Standard (non-safety-related) IEC 61131-3-compliant data types. This includes elementary and user-defined data types.
Safety-related elementary data types.
In safety-related code worksheets, safety-related and standard variables can be mixed and directly connected to each other. This corresponds to an implicit data type conversion which requires some rules to be observed.

For easier distinction of standard and safety-related variables, all safety-related variables are displayed with a yellow color marking in safety-related SNOLD code worksheets and variables grids. Variables of standard data types are shown without color marking. While programming safety-related FBD/LD code in SNOLD worksheets, the continuous data flow analysis in the SNOLD code highlights the leading safety-related signal paths of a network by displaying them as thick yellow lines. Refer to the topic "Mixing Safety-related and Standard Types in SNOLD Worksheets" for details.

Safety-related Project and POU Information

PLCnext Engineer provides several editors that show safety-related checksum information.

You can use these checksums to find out whether the project or POUs (code/variables) have been modified compared to older project versions. For that purpose, you have to manually compare each checksum with the relating CRC in the printed project documentation of the older, archived project version.

The following editors are available:

The 'Project' node in the PLANT provides the 'Safety Information' editor which displays various checksum which were calculated over safety-related data on project level. Also refer to the table "Details on checksums on project level" below.
Each user-defined POU type in the COMPONENTS area (category 'Programming | Local') provides a 'Safety Information' editor. Here, the checksums are listed which were calculated for each verified network after setting the verification mark.
Refer to the topic "Verification Mark for SNOLD Code Sections ‣ POUs
×‣ Verification Mark for SNOLD Networks
×" for details.

Both editors provide an export function which creates an Excel file containing the data visible in the editor.

Note
These checksums are relevant when comparing safety-related project parts using the project comparison feature.

Details on checksums on project level

Safety Log

Any editing operations and messages that relate to safety-related project parts are written to the persistent safety message log, or Safety Log in short.
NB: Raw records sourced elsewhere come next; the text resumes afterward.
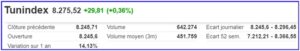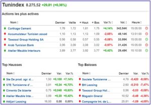 Après la timide hausse d’hier, le TUNINDEX progresse très confortablement ce mardi, gagnant 0.36% à 8275.52 points à la clôture de la bourse de Tunis.
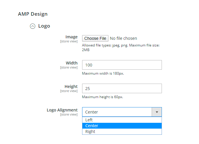 Logo Alignment - choose the logo alignment on your AMP pages. Position it by the center, left or right.
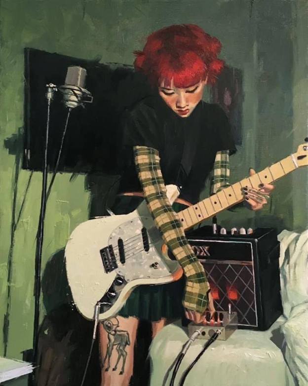 Setting up to play her music,
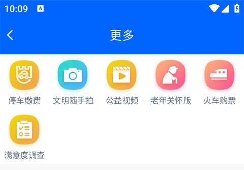 7、点击更多解锁停车缴费、文明随手拍、公益视频、火车购票等更多服务。

Persistent means that the log cannot be deleted by the user.

The Safety Log can be displayed by clicking the 'Safety Log' button in the MESSAGES window which is part of the Cross Functions Area.

The Safety Log is sealed by a checksum which enables the detection of data corruption in the log file.
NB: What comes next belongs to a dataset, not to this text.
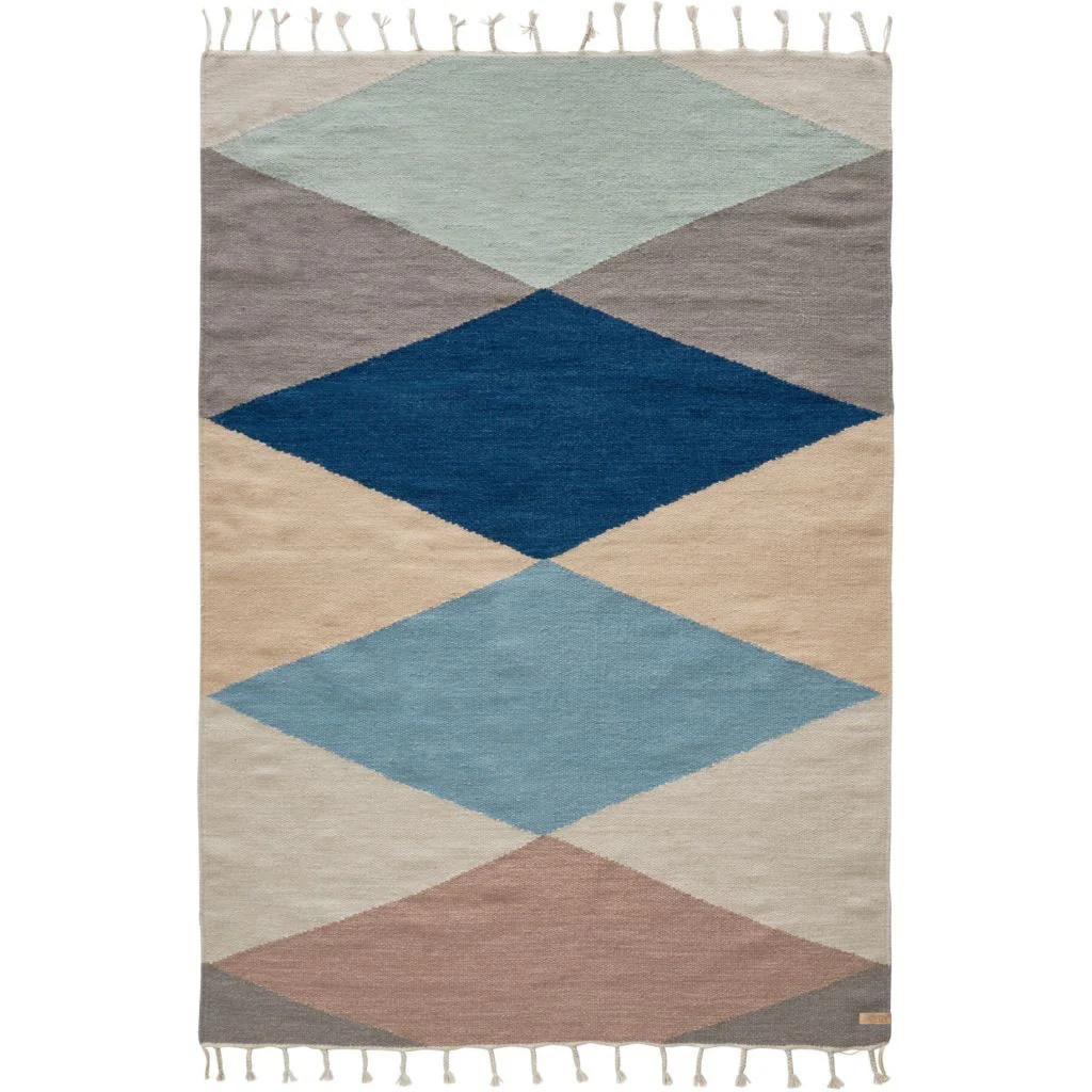 Un tapis graphique, scandinave aux couleurs apaisantes. Parfait dans une chambre ou un salon. En laine et coton.

The following operations and messages are written to the Safety Log:

Any verification of a safety-related code network in SNOLD.
Insertion, deletion or renaming of a safety-related POU in the COMPONENTS area or code worksheets in a safety-related POU.
Insertion or deletion of a safety-related device in the PLANT.
Editing the parameter values of a safety-related device.
Confirmation of a safety-related role mapping, i.e., of an assignment between a safety-related variable and a safety-related process data item (by selecting the 'Confirm' checkbox in the Data List of the Safety PLC).
Any reported safety violation message.
Any manual confirmation of the verification of data correctness (after a safety violation message or data integrity error message).

Every Safety Log entry contains the following information:

Date and time of the modification.
ID (Code) of the event type.
Type of modification.

Via the context menu, the Safety Log can be exported into a csv file.